The UK boasts a very strong academic base, with a multitude of innovations in life sciences, and solid basic research. It also profits from an active finance environment; looking at the UK investment footprint, it ranks highly in international comparison. Then, there are great incentives around patents, intellectual property is well protected. Finally, companies see the promise of the NHS as a partner for their future development, a single payer system that provides the base to foster access for innovation.

Furthermore, the UK has important strengths in genomics, with huge capacity in connecting data sets and records. This information holds tremendous potential to accelerate drug development and bring new innovations to patients. We live in exciting times for data-driven innovation!

Many of the incentives are further underlined in the LSIS. While we have yet to see how the government will fully implement the strategy, the dialogue has for now been very encouraging. Janssen hence continues to see the UK as a great place to come and do research.

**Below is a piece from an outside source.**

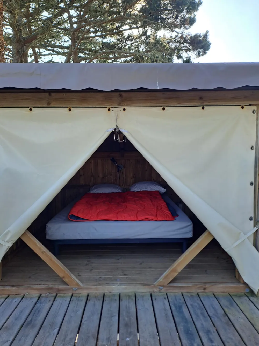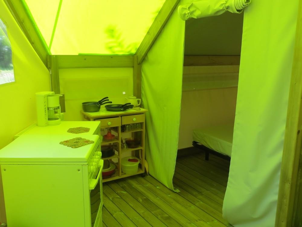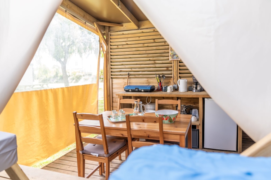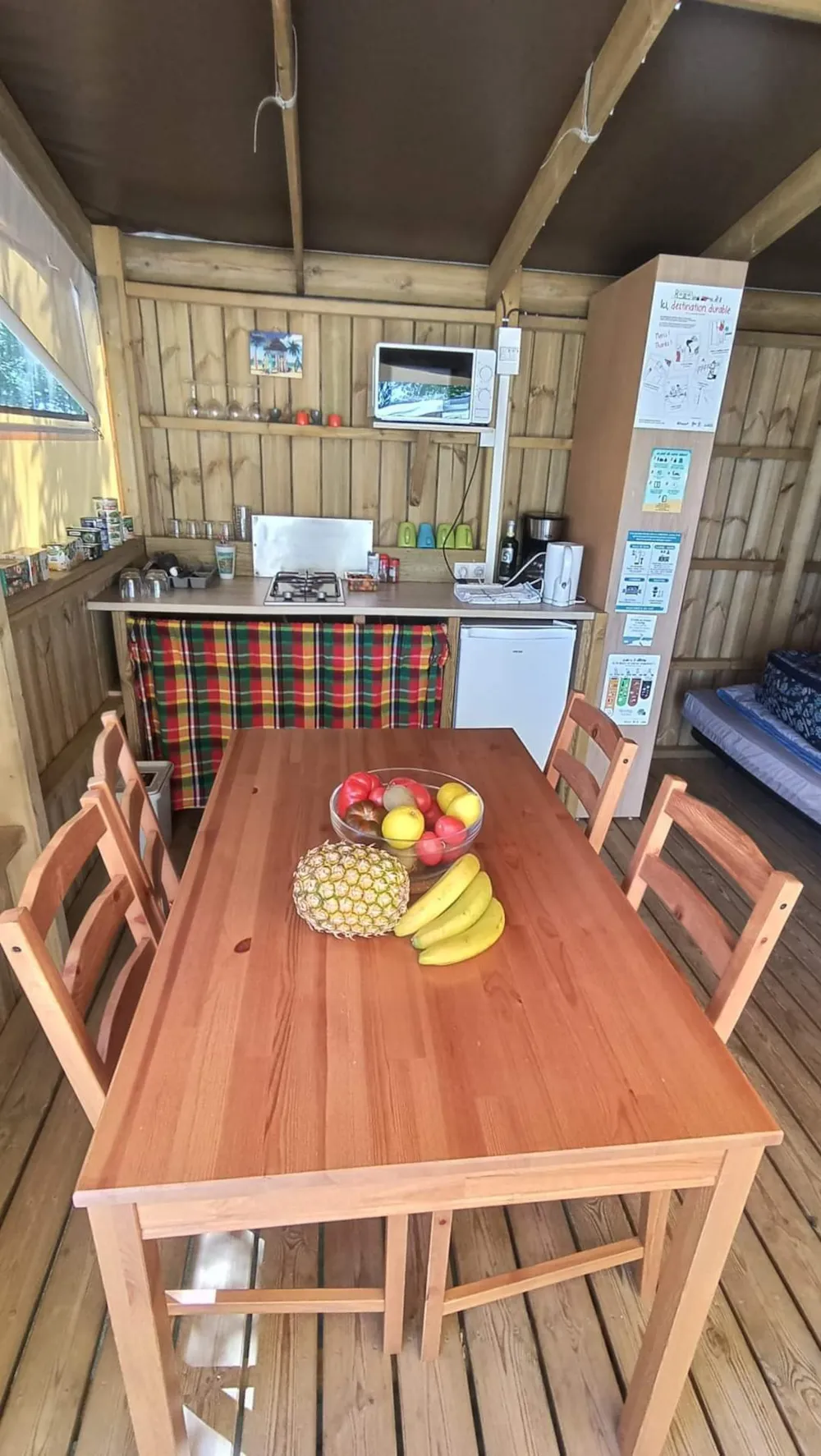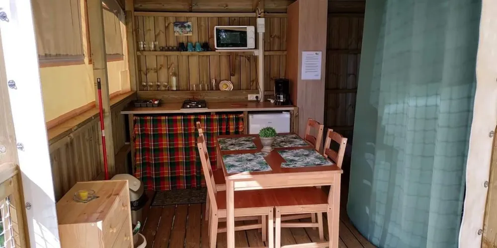 Cabane en bois et toile en hauteur, au coeur de la nature offrant plusieurs espaces de vie : un espace repas spacieux et agréable, un espace rangement pour les vélos et un espace couchage sur toile confortable et en toute sécurité.

As managing director, what are your main ambitions looking forward?

My first priority as a managing director is to attract and retain the very best talent, as should be the priority of any head of company, to create an environment that attracts the very best people. Great products and strategies are one thing, but if you cannot execute or implement them, they serve no purpose. At Janssen, we are very keen to create an inclusive work culture where we have a diverse workforce, that encourages people to be themselves at work. This allows us to fish in a much larger and broader talent pool.

My second priority is to continue to partner with colleagues in other pharmaceutical companies to try and address some of the reputational issues we face as an industry. Finally, I think it is essential we continue to work with the charity sector and patient organizations in order to empower patients, as ultimately, we exist to try and help people live longer, healthier and happier lives.